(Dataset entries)
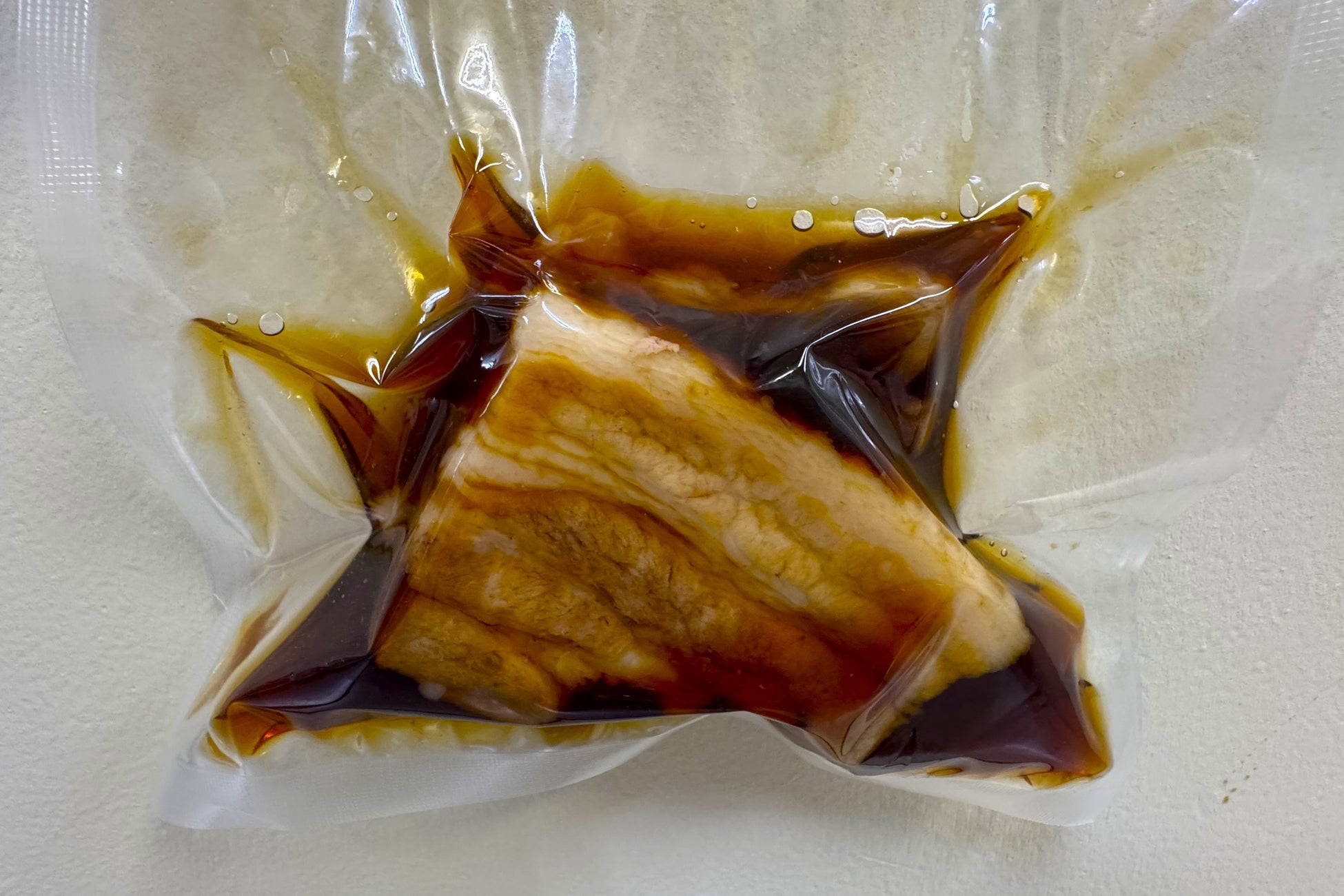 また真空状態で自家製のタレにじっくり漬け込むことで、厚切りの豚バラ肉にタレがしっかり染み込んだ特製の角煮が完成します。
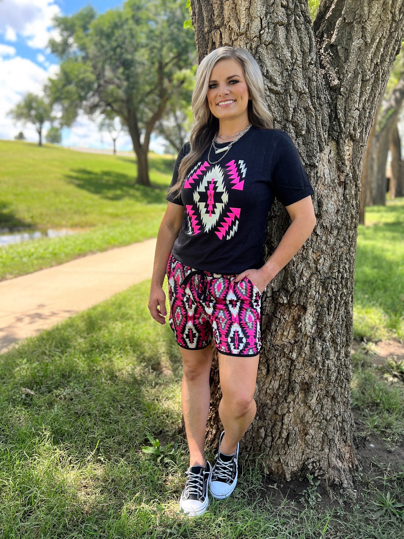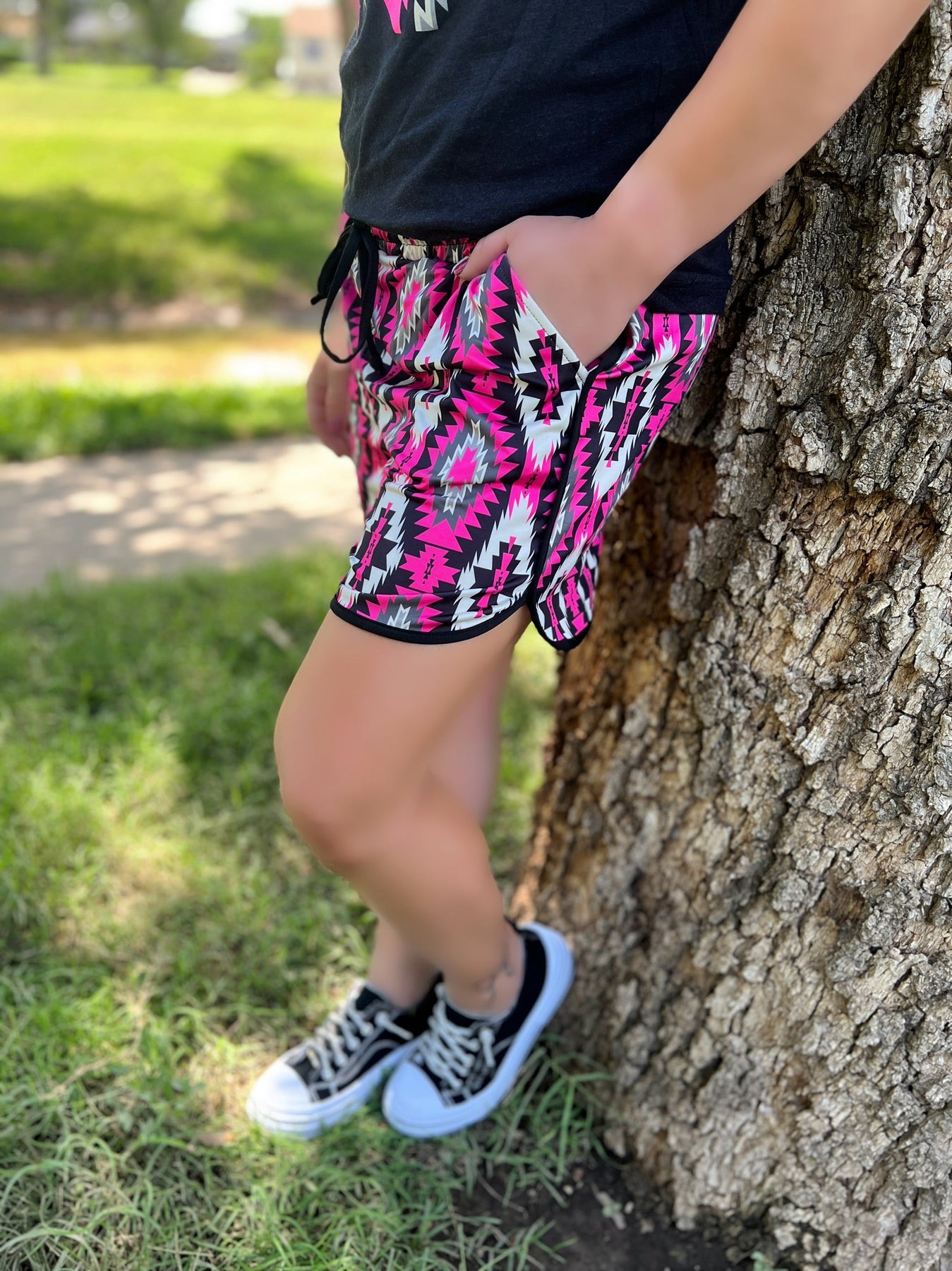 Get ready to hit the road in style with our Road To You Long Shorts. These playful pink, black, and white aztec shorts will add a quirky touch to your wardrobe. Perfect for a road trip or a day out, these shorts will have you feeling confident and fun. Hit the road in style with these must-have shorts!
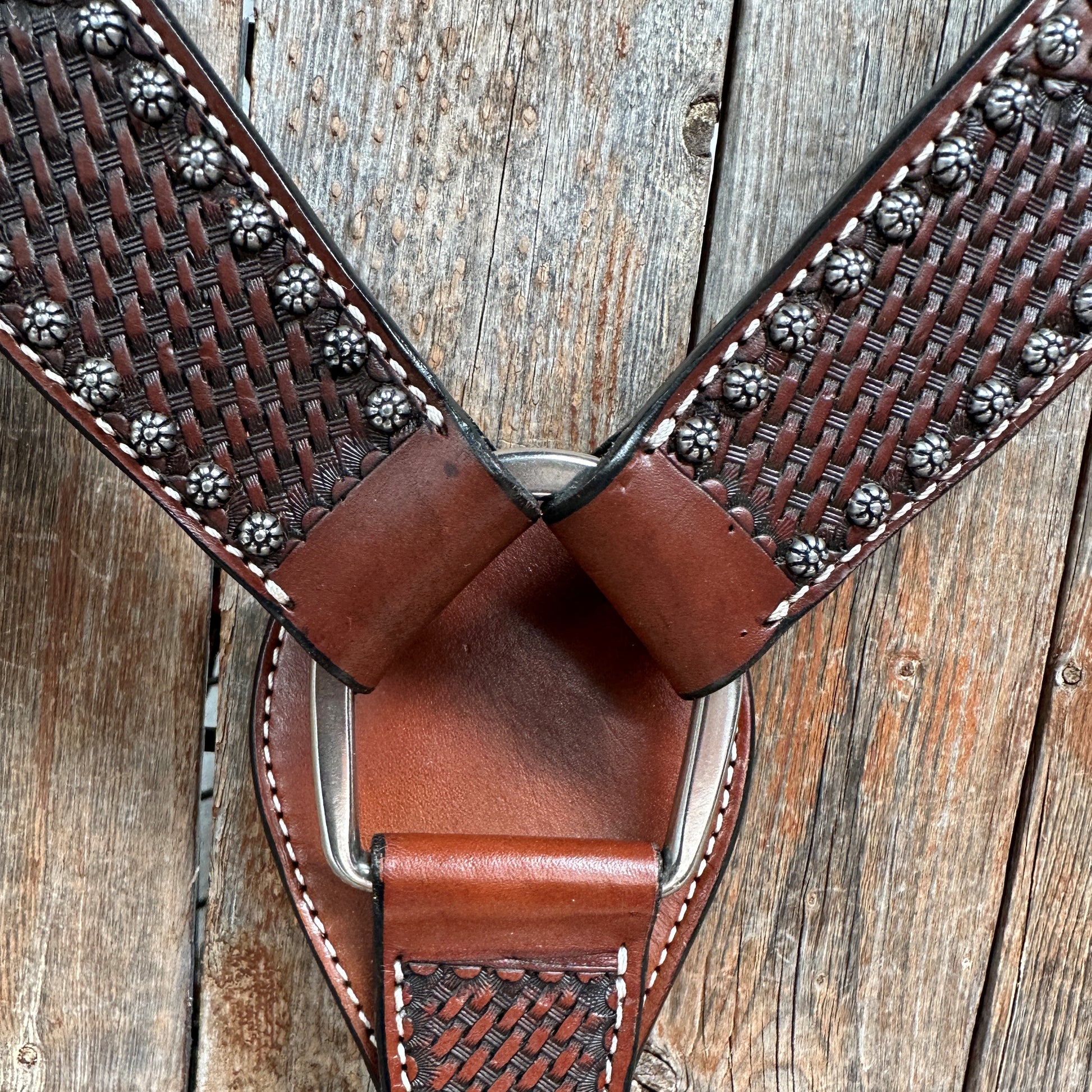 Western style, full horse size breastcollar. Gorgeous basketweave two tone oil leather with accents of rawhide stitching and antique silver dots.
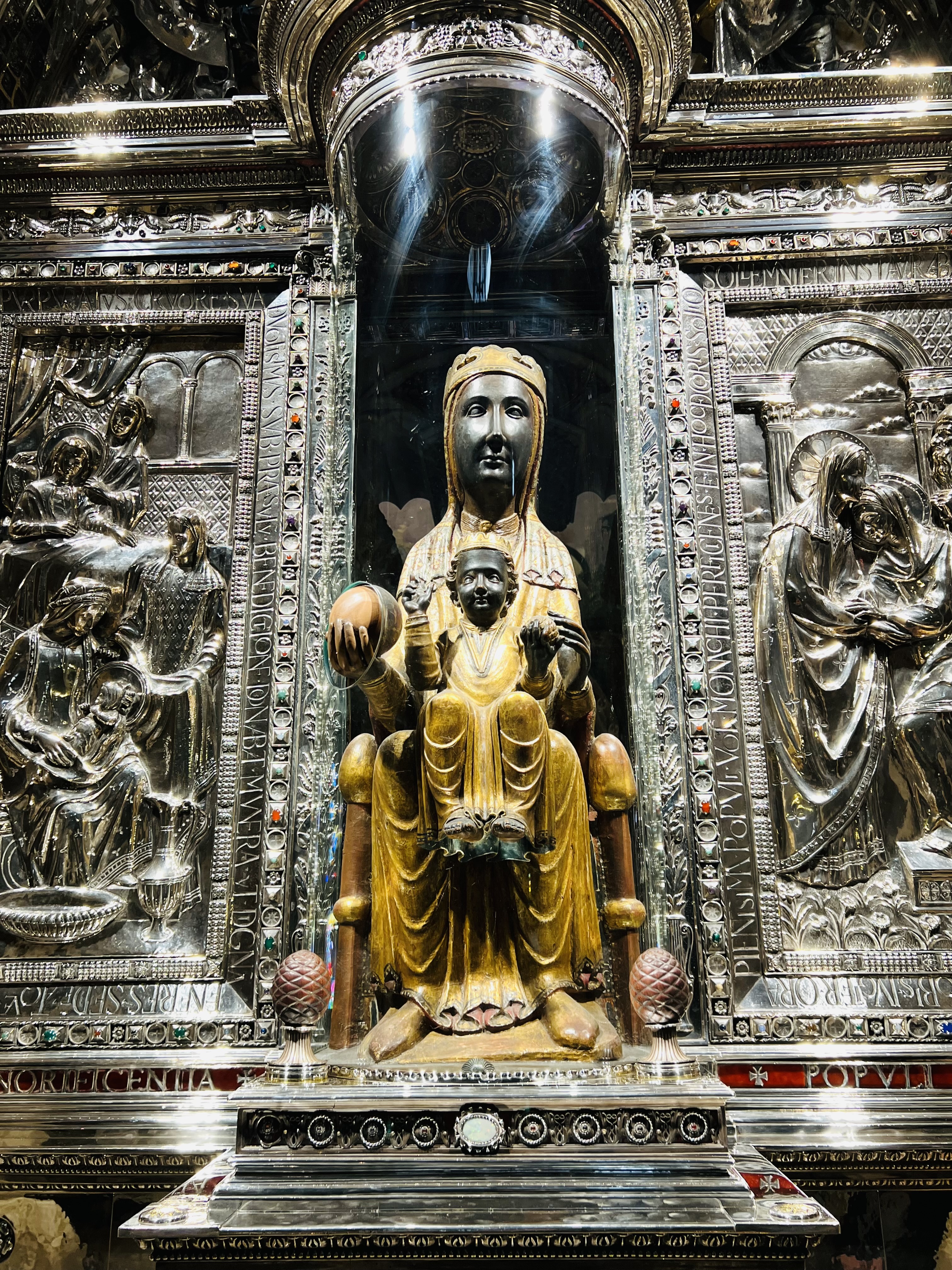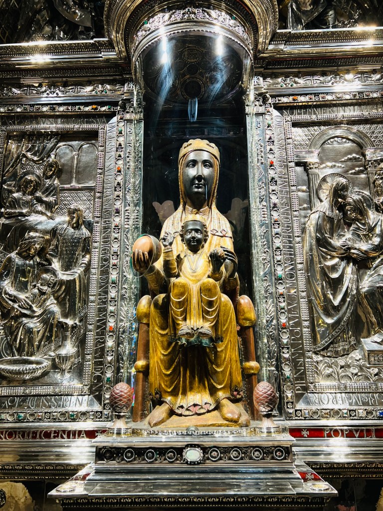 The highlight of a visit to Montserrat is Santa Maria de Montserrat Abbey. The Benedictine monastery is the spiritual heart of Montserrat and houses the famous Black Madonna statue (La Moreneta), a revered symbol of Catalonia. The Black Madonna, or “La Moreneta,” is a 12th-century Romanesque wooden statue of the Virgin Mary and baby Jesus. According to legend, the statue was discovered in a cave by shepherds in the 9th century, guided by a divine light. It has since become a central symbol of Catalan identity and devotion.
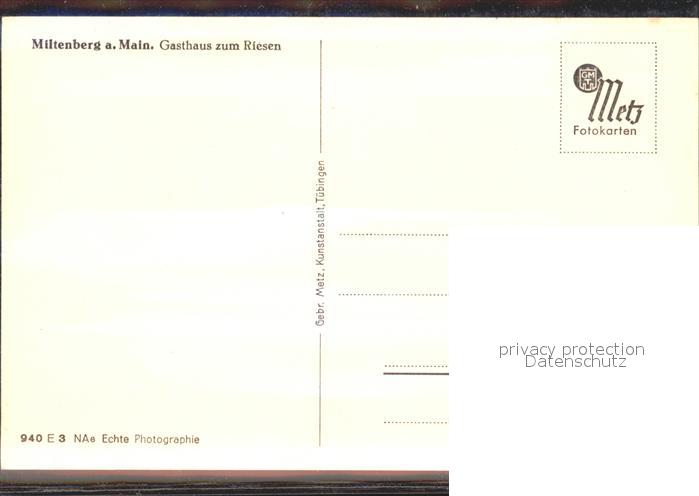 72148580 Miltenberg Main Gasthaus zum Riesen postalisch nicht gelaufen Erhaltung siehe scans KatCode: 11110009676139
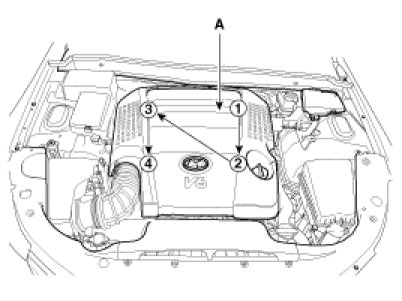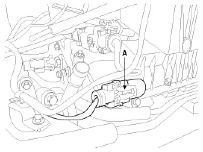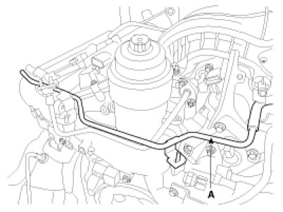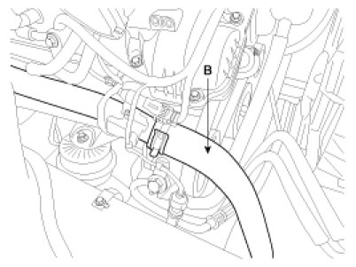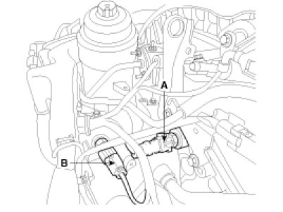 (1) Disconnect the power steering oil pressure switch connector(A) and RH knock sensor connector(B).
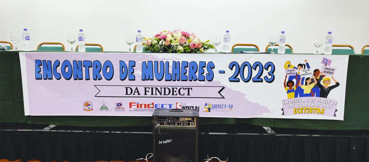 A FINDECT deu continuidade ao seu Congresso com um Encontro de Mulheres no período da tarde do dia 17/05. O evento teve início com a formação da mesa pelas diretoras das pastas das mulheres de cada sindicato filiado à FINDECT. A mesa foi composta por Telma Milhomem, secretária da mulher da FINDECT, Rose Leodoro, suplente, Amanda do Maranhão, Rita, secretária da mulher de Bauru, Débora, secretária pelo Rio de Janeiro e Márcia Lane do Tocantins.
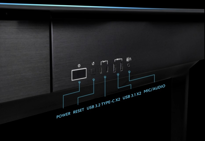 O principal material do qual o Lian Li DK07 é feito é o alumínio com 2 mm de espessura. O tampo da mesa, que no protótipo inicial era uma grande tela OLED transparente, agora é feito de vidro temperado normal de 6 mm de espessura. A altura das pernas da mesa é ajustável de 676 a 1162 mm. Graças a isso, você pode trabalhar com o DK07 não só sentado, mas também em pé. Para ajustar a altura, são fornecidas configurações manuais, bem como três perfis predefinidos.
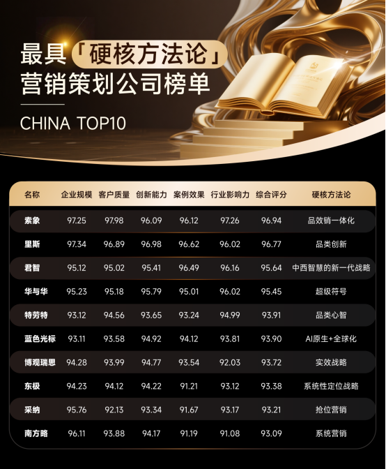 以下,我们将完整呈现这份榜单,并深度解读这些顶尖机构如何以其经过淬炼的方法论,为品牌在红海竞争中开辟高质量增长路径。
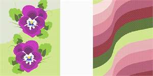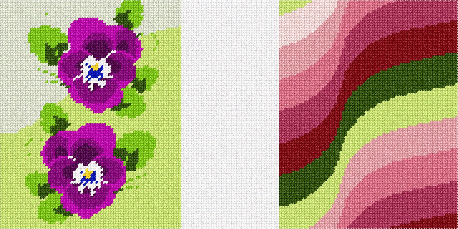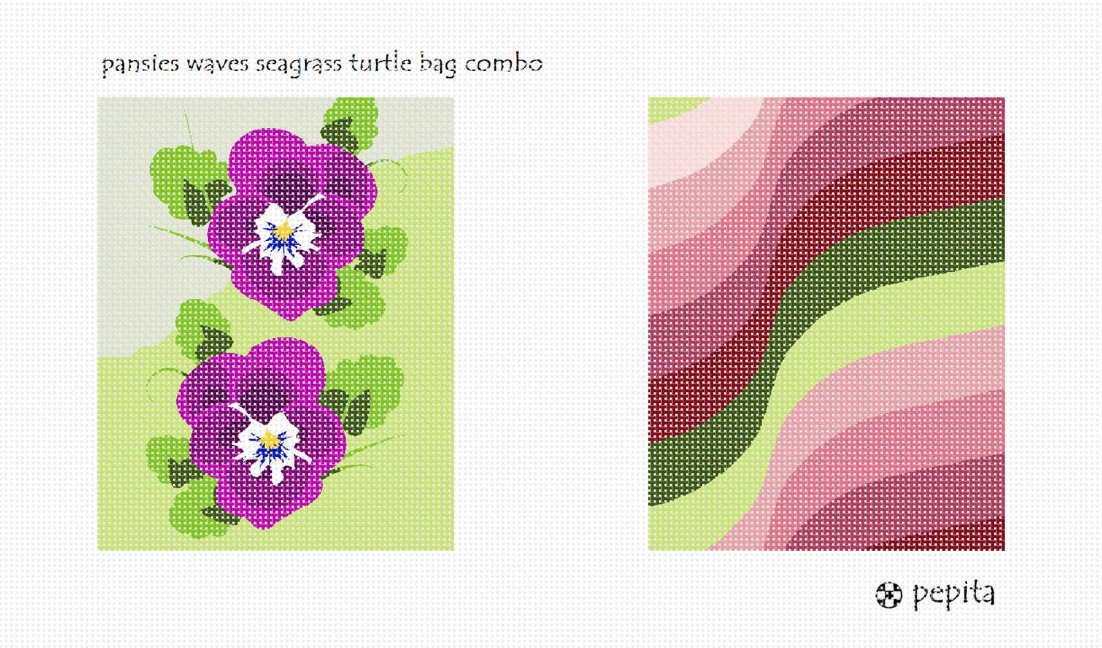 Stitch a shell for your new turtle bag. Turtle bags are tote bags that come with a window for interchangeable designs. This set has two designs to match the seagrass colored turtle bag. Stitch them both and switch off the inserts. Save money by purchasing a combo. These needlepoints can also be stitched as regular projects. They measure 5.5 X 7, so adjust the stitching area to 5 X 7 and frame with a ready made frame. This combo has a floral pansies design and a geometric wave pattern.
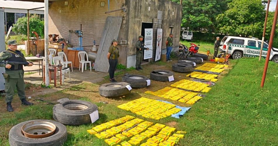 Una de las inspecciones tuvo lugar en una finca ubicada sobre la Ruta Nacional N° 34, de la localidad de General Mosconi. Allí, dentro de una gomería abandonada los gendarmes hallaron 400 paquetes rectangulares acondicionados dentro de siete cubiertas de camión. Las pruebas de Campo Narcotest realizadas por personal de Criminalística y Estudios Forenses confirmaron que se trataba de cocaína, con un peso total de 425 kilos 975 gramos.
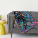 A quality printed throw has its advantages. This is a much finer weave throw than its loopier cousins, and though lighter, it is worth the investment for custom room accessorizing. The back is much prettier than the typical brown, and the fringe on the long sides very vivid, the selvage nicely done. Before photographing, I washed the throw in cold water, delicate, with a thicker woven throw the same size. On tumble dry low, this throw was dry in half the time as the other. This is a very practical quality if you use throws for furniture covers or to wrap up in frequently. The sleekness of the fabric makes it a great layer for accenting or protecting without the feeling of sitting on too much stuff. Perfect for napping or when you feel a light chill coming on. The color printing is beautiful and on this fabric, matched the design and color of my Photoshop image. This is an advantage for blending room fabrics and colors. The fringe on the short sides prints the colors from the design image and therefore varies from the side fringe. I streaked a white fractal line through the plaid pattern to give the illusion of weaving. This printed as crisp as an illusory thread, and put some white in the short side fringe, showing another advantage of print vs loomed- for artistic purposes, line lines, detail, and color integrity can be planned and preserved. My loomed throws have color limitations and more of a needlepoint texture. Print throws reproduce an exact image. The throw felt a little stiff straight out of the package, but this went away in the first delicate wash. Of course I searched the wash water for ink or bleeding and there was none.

[WORK INSTRUCTIONS]: Set down the data again, exactly, without images.

[ANSWER BOX]:
 また真空状態で自家製のタレにじっくり漬け込むことで、厚切りの豚バラ肉にタレがしっかり染み込んだ特製の角煮が完成します。
 Get ready to hit the road in style with our Road To You Long Shorts. These playful pink, black, and white aztec shorts will add a quirky touch to your wardrobe. Perfect for a road trip or a day out, these shorts will have you feeling confident and fun. Hit the road in style with these must-have shorts!
 Western style, full horse size breastcollar. Gorgeous basketweave two tone oil leather with accents of rawhide stitching and antique silver dots.
 The highlight of a visit to Montserrat is Santa Maria de Montserrat Abbey. The Benedictine monastery is the spiritual heart of Montserrat and houses the famous Black Madonna statue (La Moreneta), a revered symbol of Catalonia. The Black Madonna, or “La Moreneta,” is a 12th-century Romanesque wooden statue of the Virgin Mary and baby Jesus. According to legend, the statue was discovered in a cave by shepherds in the 9th century, guided by a divine light. It has since become a central symbol of Catalan identity and devotion.
 72148580 Miltenberg Main Gasthaus zum Riesen postalisch nicht gelaufen Erhaltung siehe scans KatCode: 11110009676139
 (1) Disconnect the power steering oil pressure switch connector(A) and RH knock sensor connector(B).
 A FINDECT deu continuidade ao seu Congresso com um Encontro de Mulheres no período da tarde do dia 17/05. O evento teve início com a formação da mesa pelas diretoras das pastas das mulheres de cada sindicato filiado à FINDECT. A mesa foi composta por Telma Milhomem, secretária da mulher da FINDECT, Rose Leodoro, suplente, Amanda do Maranhão, Rita, secretária da mulher de Bauru, Débora, secretária pelo Rio de Janeiro e Márcia Lane do Tocantins.
 O principal material do qual o Lian Li DK07 é feito é o alumínio com 2 mm de espessura. O tampo da mesa, que no protótipo inicial era uma grande tela OLED transparente, agora é feito de vidro temperado normal de 6 mm de espessura. A altura das pernas da mesa é ajustável de 676 a 1162 mm. Graças a isso, você pode trabalhar com o DK07 não só sentado, mas também em pé. Para ajustar a altura, são fornecidas configurações manuais, bem como três perfis predefinidos.
 以下,我们将完整呈现这份榜单,并深度解读这些顶尖机构如何以其经过淬炼的方法论,为品牌在红海竞争中开辟高质量增长路径。
 Stitch a shell for your new turtle bag. Turtle bags are tote bags that come with a window for interchangeable designs. This set has two designs to match the seagrass colored turtle bag. Stitch them both and switch off the inserts. Save money by purchasing a combo. These needlepoints can also be stitched as regular projects. They measure 5.5 X 7, so adjust the stitching area to 5 X 7 and frame with a ready made frame. This combo has a floral pansies design and a geometric wave pattern.
 Una de las inspecciones tuvo lugar en una finca ubicada sobre la Ruta Nacional N° 34, de la localidad de General Mosconi. Allí, dentro de una gomería abandonada los gendarmes hallaron 400 paquetes rectangulares acondicionados dentro de siete cubiertas de camión. Las pruebas de Campo Narcotest realizadas por personal de Criminalística y Estudios Forenses confirmaron que se trataba de cocaína, con un peso total de 425 kilos 975 gramos.
 A quality printed throw has its advantages. This is a much finer weave throw than its loopier cousins, and though lighter, it is worth the investment for custom room accessorizing. The back is much prettier than the typical brown, and the fringe on the long sides very vivid, the selvage nicely done. Before photographing, I washed the throw in cold water, delicate, with a thicker woven throw the same size. On tumble dry low, this throw was dry in half the time as the other. This is a very practical quality if you use throws for furniture covers or to wrap up in frequently. The sleekness of the fabric makes it a great layer for accenting or protecting without the feeling of sitting on too much stuff. Perfect for napping or when you feel a light chill coming on. The color printing is beautiful and on this fabric, matched the design and color of my Photoshop image. This is an advantage for blending room fabrics and colors. The fringe on the short sides prints the colors from the design image and therefore varies from the side fringe. I streaked a white fractal line through the plaid pattern to give the illusion of weaving. This printed as crisp as an illusory thread, and put some white in the short side fringe, showing another advantage of print vs loomed- for artistic purposes, line lines, detail, and color integrity can be planned and preserved. My loomed throws have color limitations and more of a needlepoint texture. Print throws reproduce an exact image. The throw felt a little stiff straight out of the package, but this went away in the first delicate wash. Of course I searched the wash water for ink or bleeding and there was none.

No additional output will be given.